Transcribe the listing below exactly, from its first line through the line with "搭勃肯鞋 薄款 中筒袜 堆堆袜吸汗防臭无骨纯棉夏季 白色袜子女春秋款". Omit the pictures.

AVAILABLE RECORDS Block Start

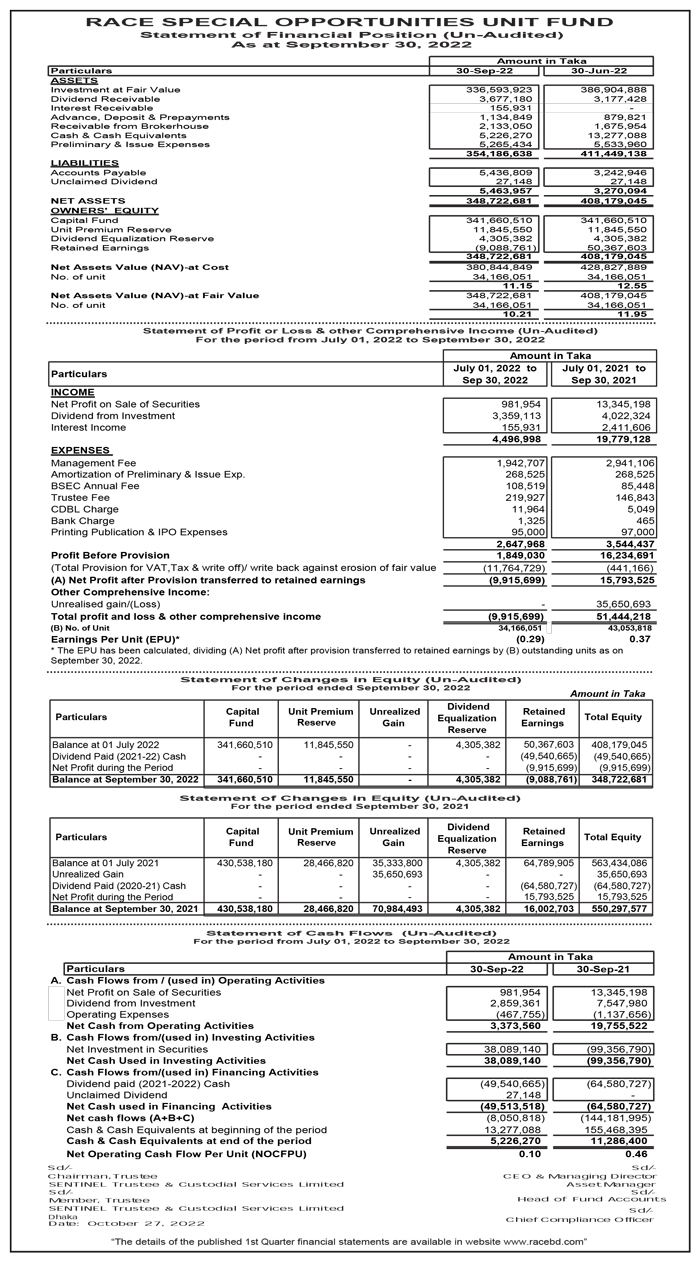 Statements of Financial Position (Un-Audite) of RACE Special Opportunities Unit Fund
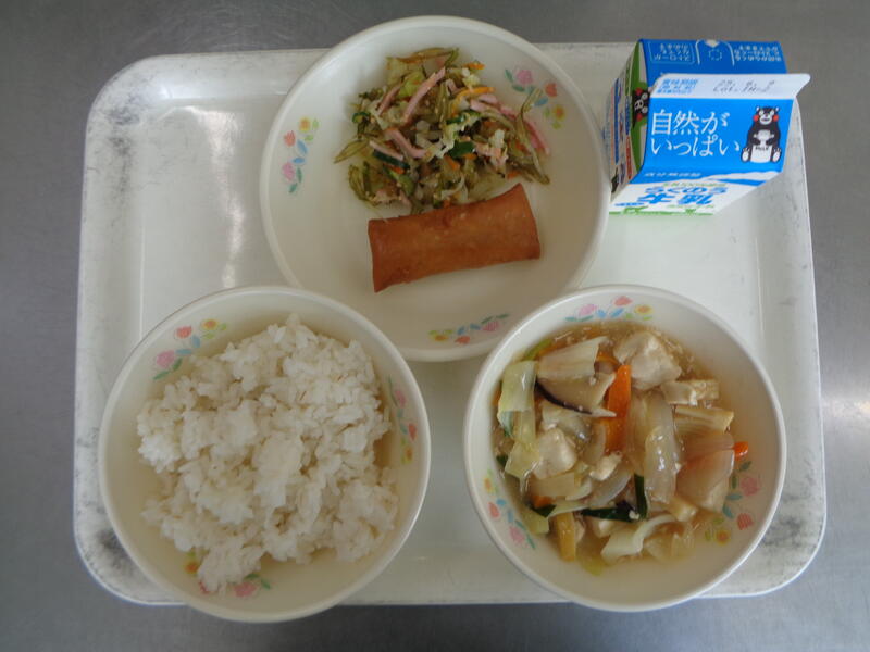 麦ご飯 牛乳 八宝豆腐 春巻き 茎わかめのサラダ
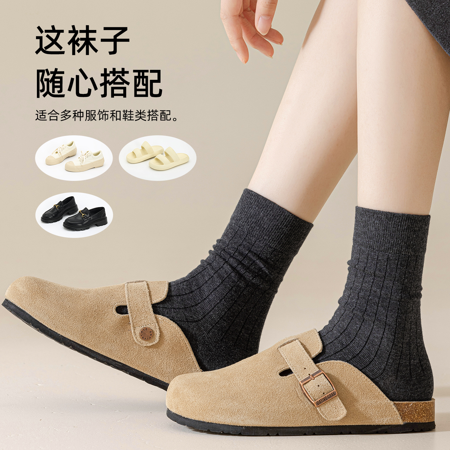 搭勃肯鞋 薄款 中筒袜 堆堆袜吸汗防臭无骨纯棉夏季 白色袜子女春秋款
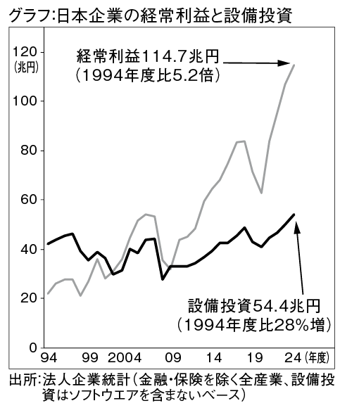 リーマン・ショックやコロナ禍による落ち込みを経て、日本の企業は再び投資を増やし始めている。法人企業統計によると24年度の設備投資(ソフトウエアを除く)は54.4兆円で、30年前(94年度)に比べて28%増えた。半導体のように成長が見込める分野を中心に伸びている。内閣府によると、企業が支払った賃金総額を示す名目雇用者報酬は316兆円と同20%増、個人消費は332兆円、同23%増である。設備投資が増えて、賃金が増え、消費が活性化するなど好循環が生まれているように見える。しかし、実はここ30年間で企業の利益はもっと早いスピードで増えている。法人企業統計によると、24年度の経常利益は114.7兆円と30年前の5.2倍になった(グラフ参照)。内部留保は同637兆円で4.6倍、現預金は同301兆円(うち東証プライム企業に限ると115兆円)と30年前の2倍に膨らんだ。つい最近までデフレの時代が長く続いたため、個人消費が低迷し、企業は設備投資に極めて慎重だった。大手証券や大手金融機関の経営破綻など90年代後半から2000年代前半まで続いた金融危機は企業が現預金を積み上げる強い誘因になった。ヒトへの投資も足りない。物価変動の影響を除いた実質賃金は30年以上にわたってマイナス基調となっており、24年度も前年度比0.5%減に沈んだ。
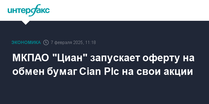 Сервис объявлений о недвижимости «Циан» 7 февраля запускает оферту для держателей акций и ADR кипрской Cian Plc...
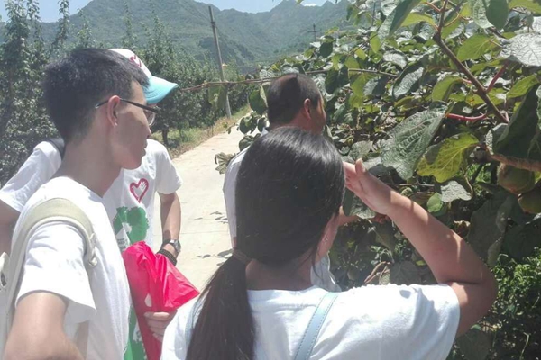 在村长的提前安排与介绍下,团队成员集合了村内部分8-14岁的孩子开展主题爱心支教活动,通过统一授课、播放电影、小组活动以及一对一、多对一交流互动的形式进行了正能量知识的传授与讲解,队员们通过对目标分化、坚持、合作、尊重、倾听等多个基本要素的讲解,为孩子们带去了一个全新的知识体系。当日下午,团队成员顶着烈日进入猕猴桃种植田地进行观察与调研活动,了解到了多个猕猴桃的品种。与此同时,团队成员还就猕猴桃种植问题对种植地的村民进行了采访,研究生贺军花同学凭借专业知识与农户进行了深入的沟通交流,农户也为成员们详细地介绍了不同品种猕猴桃的特点与产率,通过倾听村民的介绍和沟通交流,队员们获益匪浅。
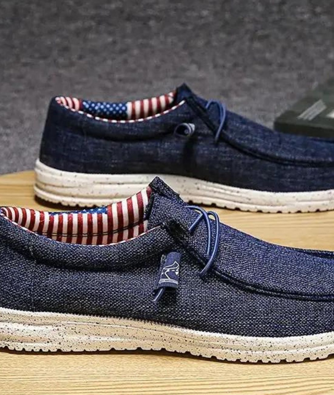 Offre-toi un look unique et intemporel avec ces mocassins au style denim en bleu marine pour homme ! Parfaits pour compléter une tenue printanière, estivale, automnale, voire même hivernale par temps clément. Leur forme de mocassin bateau emblématique leur confère une élégance supplémentaire. Fabriqués en toile de coton au denim bleu foncé, ces mocassins pour hommes se distinguent par leur polyvalence et leur style urbain décontracté. L'intérieur de la chaussure, orné de stries blanches et rouges, assure un confort optimal pour la voûte plantaire et la cheville.

AVAILABLE RECORDS Block End

* [ANSWER TO THIS PROBLEM]
 Statements of Financial Position (Un-Audite) of RACE Special Opportunities Unit Fund
 麦ご飯 牛乳 八宝豆腐 春巻き 茎わかめのサラダ
 搭勃肯鞋 薄款 中筒袜 堆堆袜吸汗防臭无骨纯棉夏季 白色袜子女春秋款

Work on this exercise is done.